Harvest for Streelman et al Created 17 May 13:52

Stage: completed
Fetched: 17 May 13:52
Validated: 17 May 13:52
Deltas Created 17 May 13:52
Units Normalized: 17 May 13:52
Ancestry Built: 17 May 13:52
Nodes Matched: 17 May 13:52
Names Parsed: 17 May 13:52
New Models Stored: 17 May 13:52
Indexed: 17 May 13:52
Completed: 17 May 13:53
Time to Harvest: less than a minute

Harvesting Log

(153 lines)
[INFO] [2021-05-17 13:52:05] Created harvest instance #3862
[STOP] [2021-05-17 13:52:05] create_harvest_instance
[START] [2021-05-17 13:52:05] fetch_files
[STOP] [2021-05-17 13:52:05] fetch_files
[START] [2021-05-17 13:52:05] validate_each_file
[INFO] [2021-05-17 13:52:05] Looping over 3 formats...
[INFO] [2021-05-17 13:52:05] ...nodes (/app/public/data/streelman_et_al/taxa.txt)
[INFO] [2021-05-17 13:52:05] Valid: /app/public/converted_csv/streelman_et_al_nodes_3862.csv (10 lines)
[INFO] [2021-05-17 13:52:05] ...occurrences (/app/public/data/streelman_et_al/occurrences.txt)
[INFO] [2021-05-17 13:52:05] Valid: /app/public/converted_csv/streelman_et_al_occurrences_3862.csv (52 lines)
[INFO] [2021-05-17 13:52:05] ...measurements (/app/public/data/streelman_et_al/measurements-or-facts.tsv)
[INFO] [2021-05-17 13:52:05] Valid: /app/public/converted_csv/streelman_et_al_measurements_3862.csv (84 lines)
[STOP] [2021-05-17 13:52:05] validate_each_file
[START] [2021-05-17 13:52:05] convert_to_csv
[INFO] [2021-05-17 13:52:05] Looping over 3 formats...
[INFO] [2021-05-17 13:52:05] ...nodes (/app/public/data/streelman_et_al/taxa.txt)

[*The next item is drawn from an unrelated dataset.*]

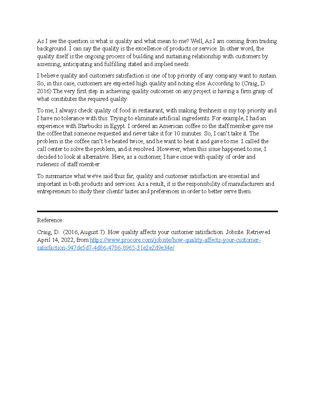 Learning Journal Week 1 - As I see the question is what is quality and ...

[CMD] [2021-05-17 13:52:05] /usr/bin/sort /app/public/converted_csv/streelman_et_al_nodes_3862.csv > /app/public/converted_csv/streelman_et_al_nodes_3862.csv_sorted
[INFO] [2021-05-17 13:52:05] Converted: /app/public/converted_csv/streelman_et_al_nodes_3862.csv (10 lines)

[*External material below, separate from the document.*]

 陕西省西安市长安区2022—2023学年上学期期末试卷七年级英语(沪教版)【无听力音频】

[INFO] [2021-05-17 13:52:05] ...occurrences (/app/public/data/streelman_et_al/occurrences.txt)
[CMD] [2021-05-17 13:52:05] /usr/bin/sort /app/public/converted_csv/streelman_et_al_occurrences_3862.csv > /app/public/converted_csv/streelman_et_al_occurrences_3862.csv_sorted
[INFO] [2021-05-17 13:52:05] Converted: /app/public/converted_csv/streelman_et_al_occurrences_3862.csv (52 lines)
[INFO] [2021-05-17 13:52:05] ...measurements (/app/public/data/streelman_et_al/measurements-or-facts.tsv)
[CMD] [2021-05-17 13:52:05] /usr/bin/sort /app/public/converted_csv/streelman_et_al_measurements_3862.csv > /app/public/converted_csv/streelman_et_al_measurements_3862.csv_sorted
[INFO] [2021-05-17 13:52:05] Converted: /app/public/converted_csv/streelman_et_al_measurements_3862.csv (84 lines)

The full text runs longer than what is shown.